━━━ INFORMATION PROVIDED ━━━
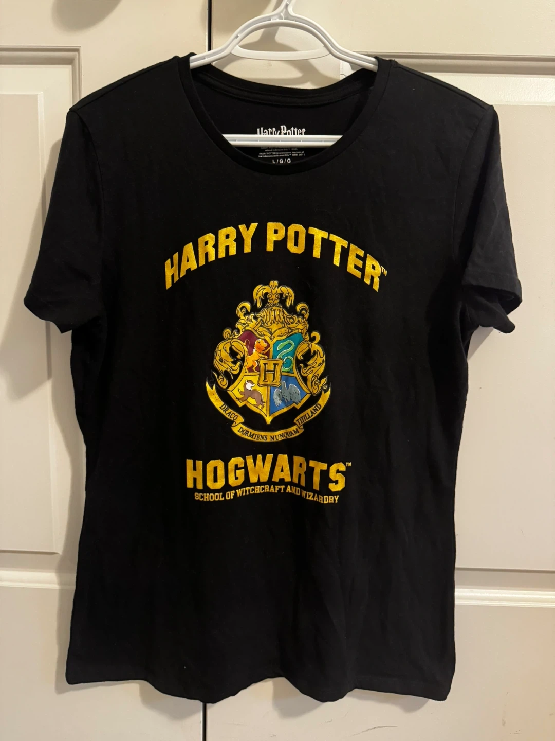 Selling a Harry Potter t-shirt in black! It features the Hogwarts crest and says "Hogwarts School of Witchcraft and Wizardry". The size is L/G/G.
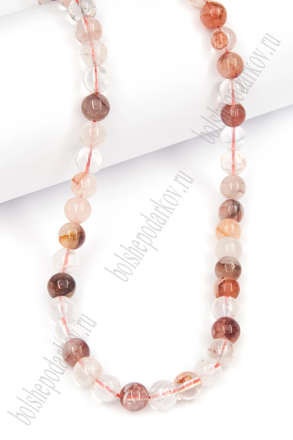 Бусины круглые на нитке 6 мм (SF-7590) кварц коричневый
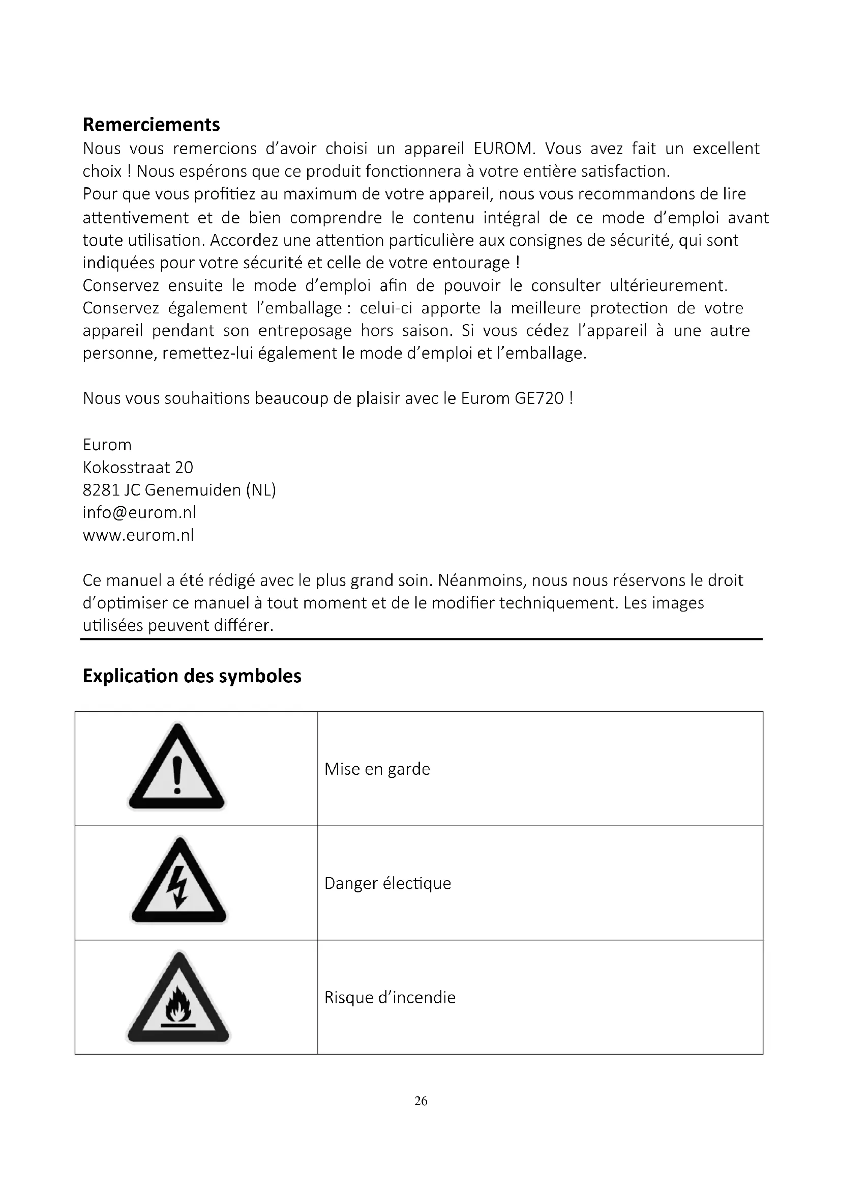 Remerciements Nous vous remercions d’avoir choisi un appareil EUROM. Vous avez fait un excellent choix ! Nous espérons que ce produit fonctionnera à votre entière satisfaction. Pour que vous profitiez au maximum de votre appareil, nous vous recommandons de lire attentivement et de bien comprendre le contenu intégral de ce mode d’emploi avant toute utilisation. Accordez une attention particulière aux consignes de sécurité, qui sont indiquées pour votre sécurité et celle de votre entourage ! Conservez ensuite le mode d’emploi afin de pouvoir le consulter ultérieurement. Conservez également l’emballage : celui-ci apporte la meilleure protection de votre appareil pendant son entreposage hors saison. Si vous cédez l’appareil à une autre personne, remettez-lui également le mode d’emploi et l’emballage. Nous vous souhaitions beaucoup de plaisir avec le Eurom GE720 ! Eurom Kokosstraat 20 8281 JC Genemuiden (NL) info@eurom.nl www.eurom.nl Ce manuel a été rédigé avec le plus grand soin. Néanmoins, nous nous réservons le droit d’optimiser ce manuel à tout moment et de le modifier techniquement. Les images utilisées peuvent différer. Explication des symboles
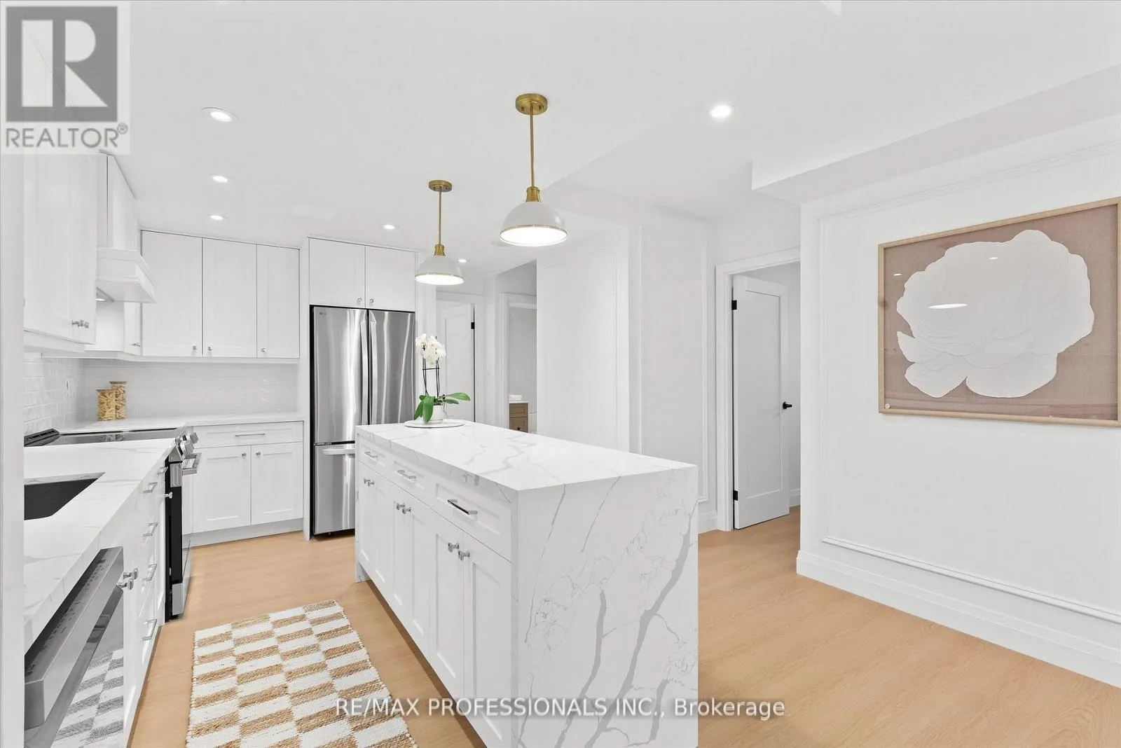 Burnhamthorpe/Mill Welcome to this beautifully renovated, boutique-like 3-bedroom, 2-bathroom corner unit, offering over 1,100 square feet of modern living space. Flooded with natural light from multiple exposures, the layout feels open and airy the moment you walk in. The home features Canadian-made laminate floors throughout, elegant wainscoting, sleek pot lighting, and custom-built closets that maximize storage. The custom-designed, open-concept kitchen with a waterfall island is a true showstopper, complete with all-new appliances and refined quartz countertops-perfect for cooking, entertaining, and everyday living. Luxury is redefined in both bathrooms, featuring Italian-made tiles and tasteful modern finishes. Every room feels bright, spacious, and inviting. Fully updated from top to bottom, this move-in ready unit truly redefines luxury and comfort. Maintenance fees are all-inclusive, covering hydro, heat, water, air conditioning, Rogers cable, and high-speed unlimited internet. The building offers an impressive array of amenities, including indoor and outdoor pools, sauna, a newly renovated recreation center with gym, ping pong, squash court, golf simulator, party room, outdoor playground, basketball court, and tennis court. Ideally located next to top-rated schools and Centennial Park, with TTC at your doorstep and quick access to Highways 427, 401, and QEW, airport, shopping, golf, and more-just move in and enjoy! (id:27476)
━━━
→ **EXERCISE BRIEF**: Copy only what lies between the start of the listing above and the line containing "Бусины круглые на", inclusive of both ends, exactly as written, and drop the pictures.

→ **ANSWER TO THIS TASK**:
 Selling a Harry Potter t-shirt in black! It features the Hogwarts crest and says "Hogwarts School of Witchcraft and Wizardry". The size is L/G/G.
 Бусины круглые на нитке 6 мм (SF-7590) кварц коричневый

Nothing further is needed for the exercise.